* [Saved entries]

□ □ □ □ □

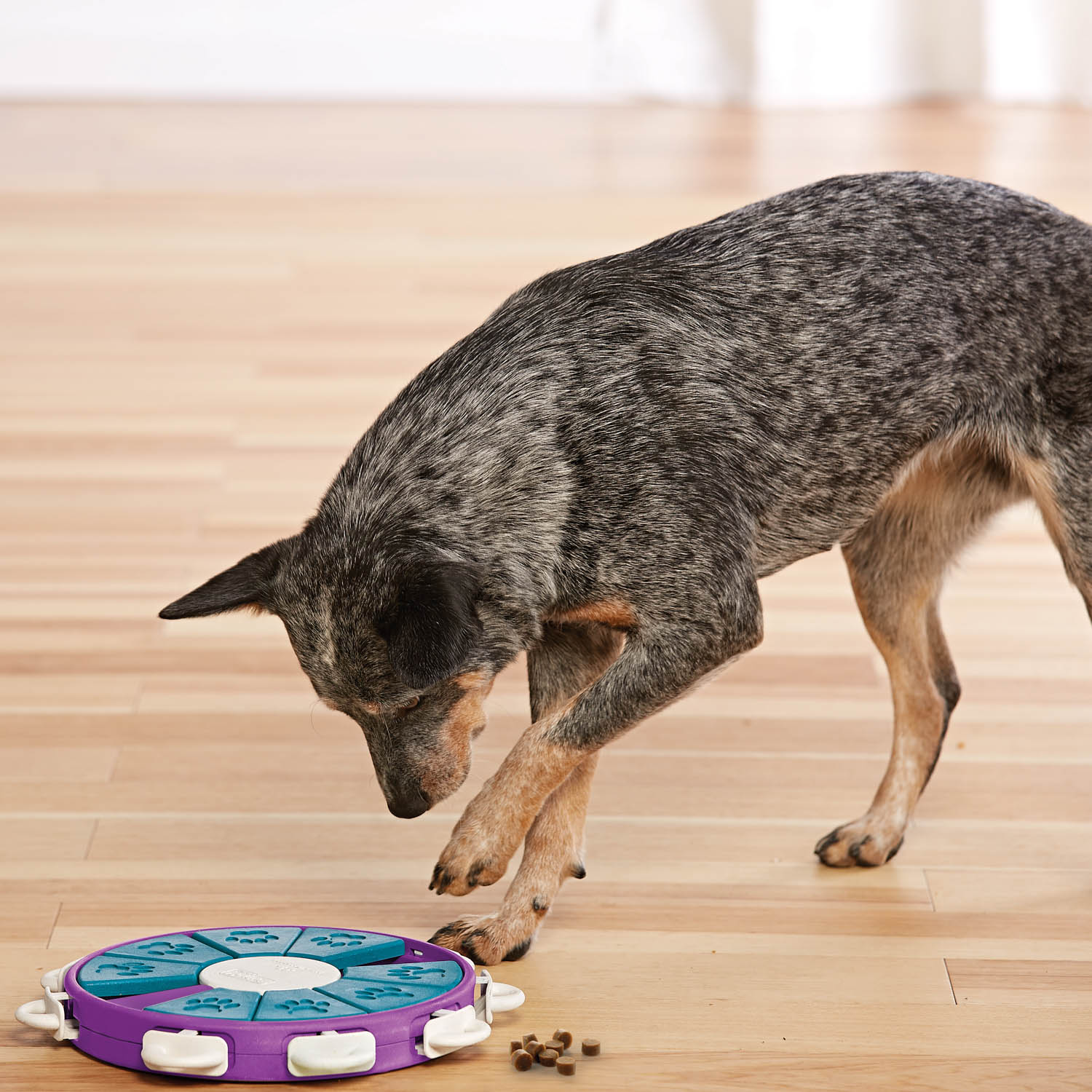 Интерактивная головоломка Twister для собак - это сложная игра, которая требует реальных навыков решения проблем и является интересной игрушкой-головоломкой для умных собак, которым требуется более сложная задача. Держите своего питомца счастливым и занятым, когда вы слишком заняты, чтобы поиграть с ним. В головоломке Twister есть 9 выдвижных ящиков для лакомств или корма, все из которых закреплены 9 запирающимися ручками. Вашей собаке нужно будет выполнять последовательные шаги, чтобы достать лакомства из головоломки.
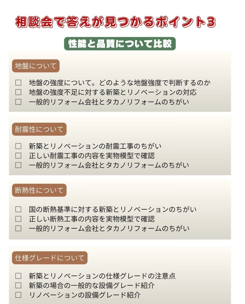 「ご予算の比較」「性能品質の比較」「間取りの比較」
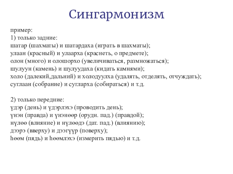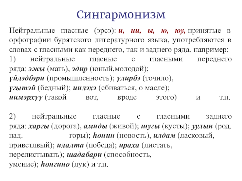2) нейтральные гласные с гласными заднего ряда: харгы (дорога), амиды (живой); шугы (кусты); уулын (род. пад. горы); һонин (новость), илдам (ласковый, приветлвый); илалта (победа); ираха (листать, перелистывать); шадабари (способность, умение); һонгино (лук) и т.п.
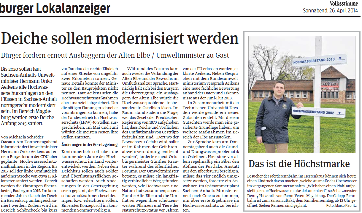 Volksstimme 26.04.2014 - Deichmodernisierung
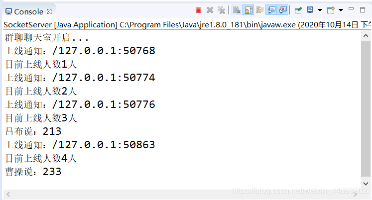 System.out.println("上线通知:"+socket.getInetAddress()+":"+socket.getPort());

□ □ □ □ □

The reply should hold every entry above, given again exactly, but not a single picture.

* [Task response]
 Интерактивная головоломка Twister для собак - это сложная игра, которая требует реальных навыков решения проблем и является интересной игрушкой-головоломкой для умных собак, которым требуется более сложная задача. Держите своего питомца счастливым и занятым, когда вы слишком заняты, чтобы поиграть с ним. В головоломке Twister есть 9 выдвижных ящиков для лакомств или корма, все из которых закреплены 9 запирающимися ручками. Вашей собаке нужно будет выполнять последовательные шаги, чтобы достать лакомства из головоломки.
 「ご予算の比較」「性能品質の比較」「間取りの比較」
2) нейтральные гласные с гласными заднего ряда: харгы (дорога), амиды (живой); шугы (кусты); уулын (род. пад. горы); һонин (новость), илдам (ласковый, приветлвый); илалта (победа); ираха (листать, перелистывать); шадабари (способность, умение); һонгино (лук) и т.п.
 Volksstimme 26.04.2014 - Deichmodernisierung
 System.out.println("上线通知:"+socket.getInetAddress()+":"+socket.getPort());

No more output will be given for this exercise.